LN-Gaiety Gets Its Piece Of Academy

LN-Gaiety Holdings Ltd. has overcome the Competition Commission’s objections to it buying a little more than half of London-based Academy Music Group by offloading Hammersmith Apollo and The Forum to MAMA Group Plc.

It has cleared the way for the Live Nation-Gaiety Investments partnership to acquire 56 percent of the £58.1 million valued venue group, which brings in two of the capital’s flagship rooms in The Brixton Academy and Shepherds Bush Empire – plus a network of regional outlets including Birmingham, Glasgow, Newcastle, Liverpool, Bristol, and the soon-to-be-opened Oxford Academy.

The CC blocked LN-Gaiety’s initial approach for AMG on the grounds that it would provide too much control of London’s mid-sized venue market, stalling the deal until Paul Latham, president of the company’s U.K. music and venues operation, could hive off a couple of rooms.

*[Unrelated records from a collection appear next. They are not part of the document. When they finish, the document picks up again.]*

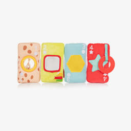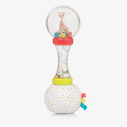 This cute wooden ring activity toy for baby boys and girls by Sophie la Girafe, is ideal for stimulating all of baby's senses. Your little one will have hours of fun exploring all the different textures and sounds, including a rattle, bell, crackling leaves and flexible teething ring.
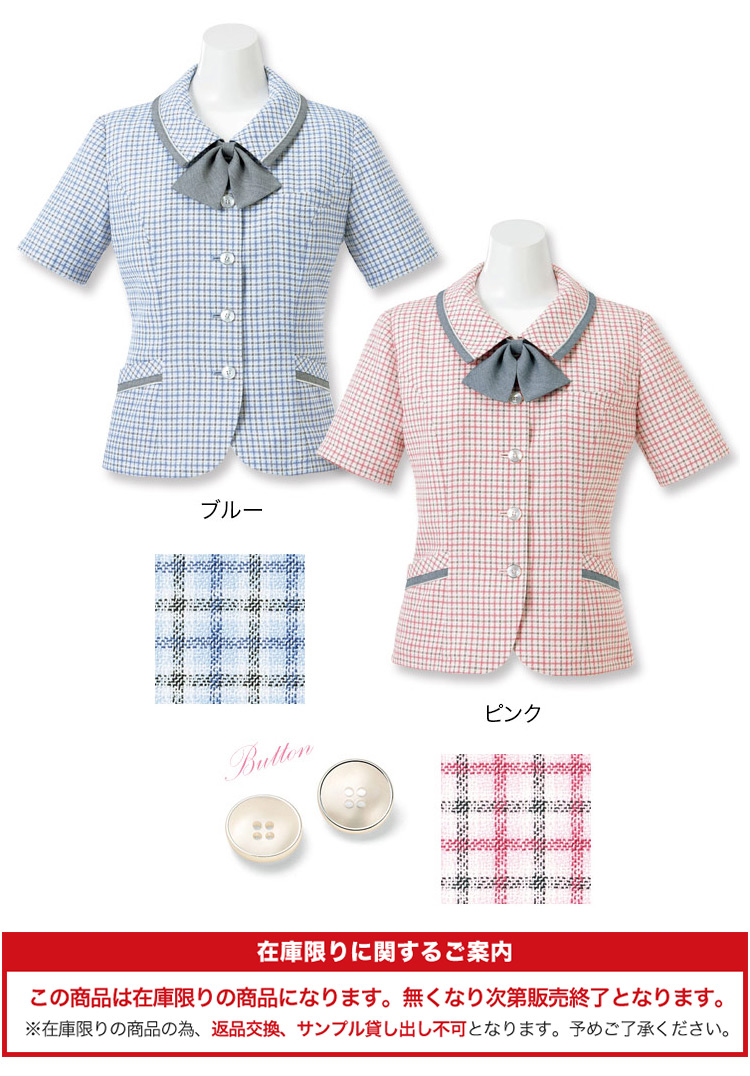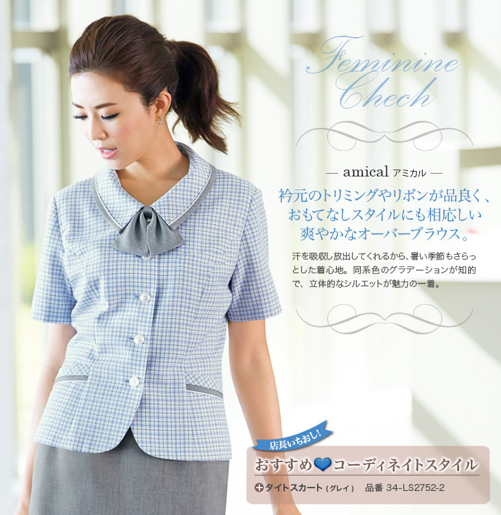 【在庫限り】[春夏用]<amical>チェック柄・リボン付きオーバーブラウス(34-LJ0761)
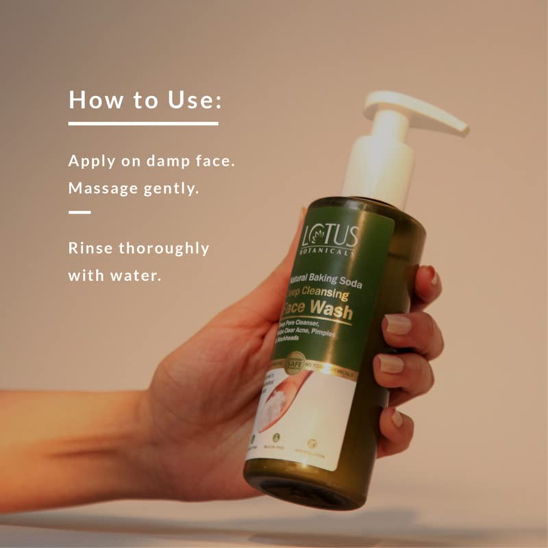 Lotus Botanicals Natural Baking Soda Deep Cleansing Face Wash effectively remove dirt excess oil and even make-up residue giving you a clean balanced and hydrated skin. A perfect detox cleanser removes deep seated dirt and impurities. Certified safe formula maintains skin's natural ph balance and reveals hydrated and squeaky clean skin. Suitable for combination to oily skin type. No Toxic chemicals Preservative Free Paraben Free Silicon Free Sulphate Free Mineral Oil Free Anti-Pollution pH Balanced Cruelty Free 100% Vegan Recyclable
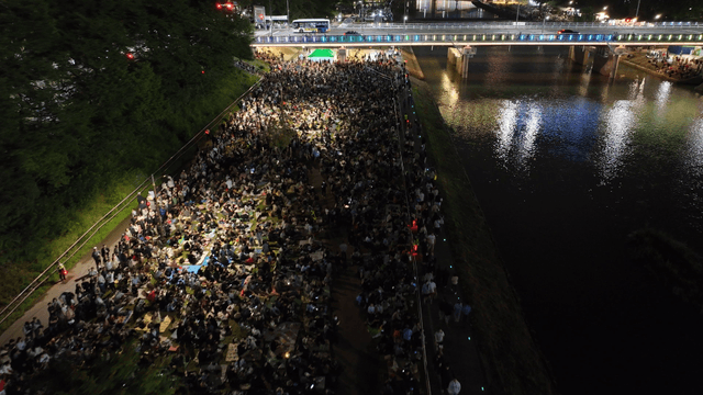Night festivals and crowds along city's riverside
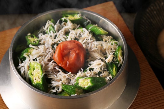梅しらすオクラと自然薯の釜飯
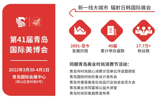 2022第41屆青島國際美博會 時間:2022年3月30日-4月1日 地點:青島國際會展中心(苗嶺路9號) 布展時間: 布展時間:3月28-29日 8:30-17:30...
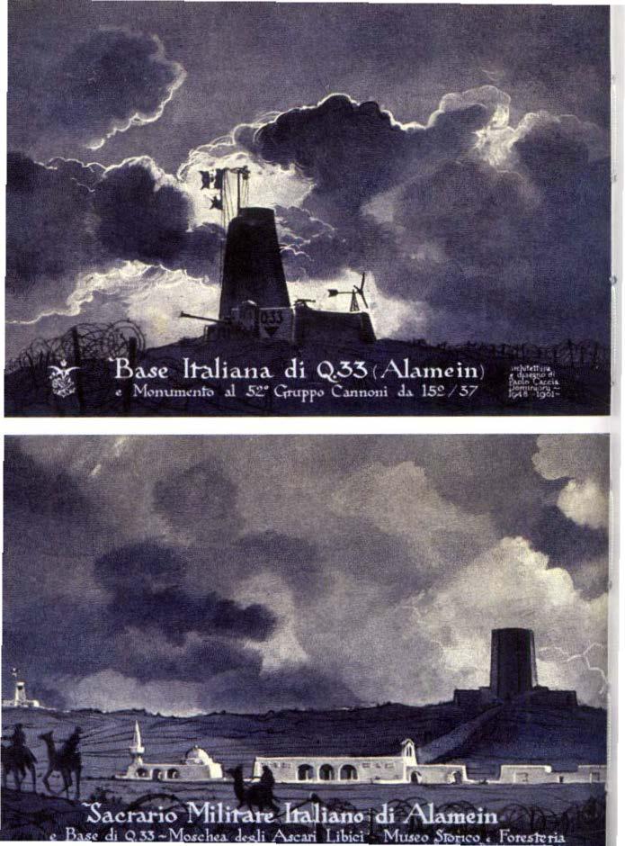 p. 2 00: Cartoline, Base I taliana di Q. 33 (Alamcin); in basso, Sacrario ,\liliwre ftaliano di Alamein ( 1961 ).
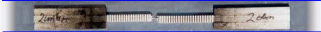 Strain MeasurementA laser extensometer type P-100 was used to measure strain at wood specimen. The specimen was equipped with a grid of markers made from black powder. For marking, the powder is suspended in ethanol. When spraying the specimen, the ethanol evaporates and only dry powder reaches the specimen. This marking technique garuantees that the specimen is not influenced by fluids, glues or other materials which could otherwise significally affect the behaviour of the wood under test. Stress-Strain Diagram and Derivative (Modulus)
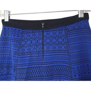 skater skirt, geometric pattern, blue skirt, black and blue, polyester blend, size 7 skirt, women's fashion, casual wear, fit and flare, versatile skirt, stylish design, comfortable fit, Gothic, Rockabilly, Preppy, Peasant, Sequin Hearts,
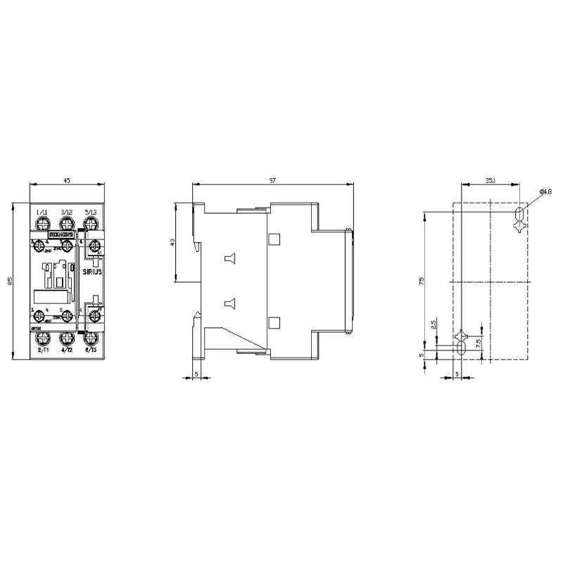 Contattore Siemens Sirius 3P 9A 1 NO + 1 NC 24V AC 3RT20231AB00
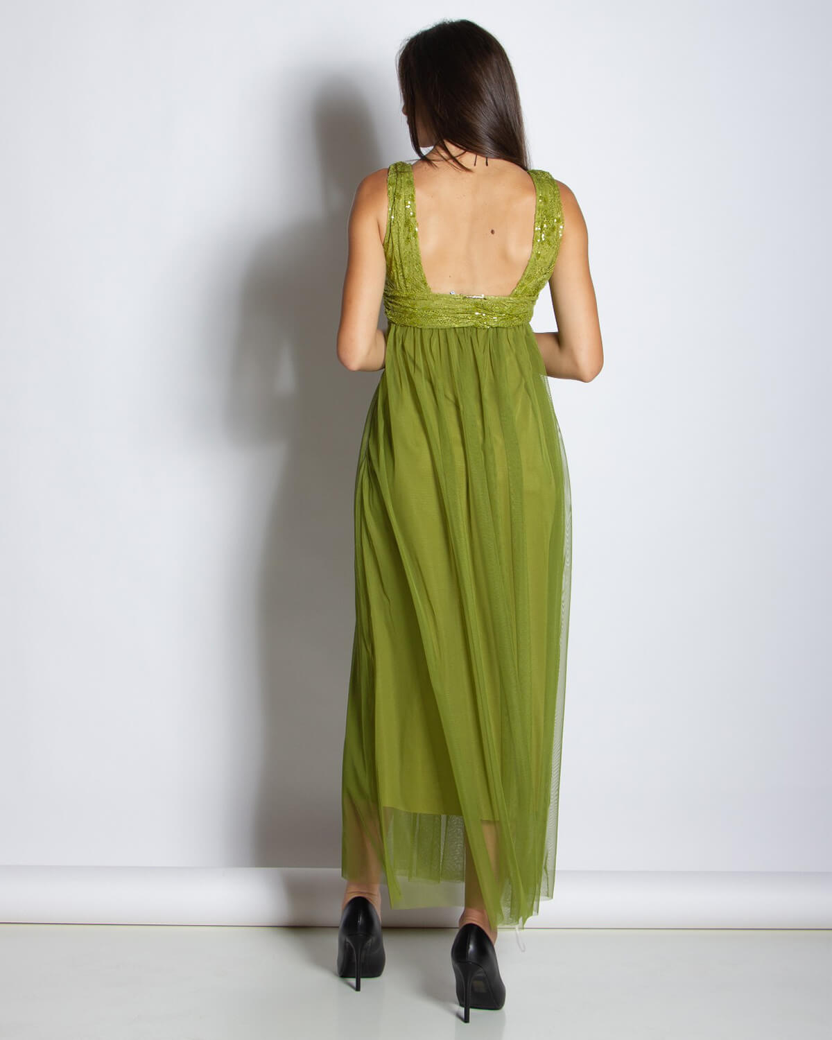 Elevate your style with this iconic dress by Hellen Batterr, for unique appearances in elegance and attitude. The sequined details and the V neckline will make you stand out effortlessly, with heels and glamorous accessories.
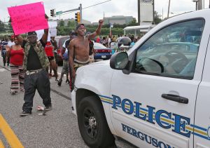 At Ferguson Avenue and West Florissant Road, about 150 demonstrators also blocked traffic. They were taunting police officers, who were lined up in riot gear, carrying shields and batons.
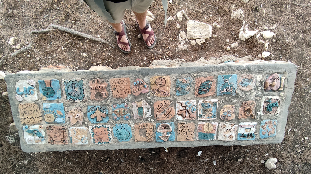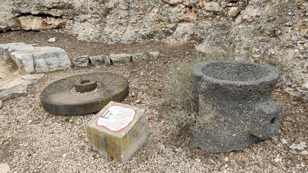 לאחר מנוחה קצרה בתצפית, נמשיך ללכת בשביל הצר המסומן בכחול, כשגדר כחולה מסתירה לנו את הנוף מצדנו הימני ועצי אלון מקיפים אותנו ומצלים על השביל. נעבור ליד כמה פריטים ארכיאולוגיים שמוצבים לצד השביל, עליהם נוכל להסביר לילדים, ובהמשך גם לצד ספסל אבן שעליו שמותיהם של הילדים שהכינו אותו. מהספסל נוכל להשקיף לכיוון מערב, שם נישא הר הכרמל, ומימינו מציצים מי הים התיכון ומפרץ חיפה. בימים בהירים נוכל אף להבחין בספינות שממתינות לתורן להיכנס לנמל חיפה, ועוגנות הרחק מהחוף.

"The venues that we are acquiring are among the best in the world," said Live Nation chief exec Michael Rapino in a March 30th company statement.

"AMG has one of the strongest live music venue brands in the U.K. The acquisition of AMG will enable us to grow our U.K. venue network with a brand that music fans know and love."

LN-Gaiety bought the stock from the RJD Partners investment group, which has had equity in Academy since it helped fund the £33.5 million management buyout of the old McKenzie Group that AMG chief John Northcote orchestrated in 2004.

The deal may also be the springboard for further talks between LN-Gaiety and MAMA or other parties regarding some of the other smaller Mean Fiddler Music Group outlets it acquired when LN-Gaiety bought the Vince Power-run empire in 2005.

Fringe and boutique rooms with capacities of less than 1,000 don’t really fit the LN-Gaiety business profile. There’s little doubt that Latham would have happily let them go and hung on to the 3,600-capacity Apollo if it would be enough to keep the CC happy.

MAMA co-chief exec Dean James, also a former Mean Fiddler chief exec, knows the outlets so well that his company is always likely to be in the frame as a potential purchaser, although several other parties may be interested in a £7.5 million job-lot of London venues or even cherry-picking individual ones.

James and his AIM-listed company has the management of rapidly emerging U.K. acts including Franz Ferdinand and Kaiser Chiefs and assets including the Channelfly rock venue business, and it’s known to be looking to expand.

Last summer it made an unsolicited all-shares bid for the beleaguered Sanctuary Music Group, another AIM-listed outfit, but had it knocked back because the London-based company’s board said it wasn’t worth taking seriously.

As MAMA and LN-Gaiety, through Live Nation, are both stock-listed companies, any negotiations would likely be conducted under the same veil of secrecy as the Apollo and Forum talks and would probably take at least three months.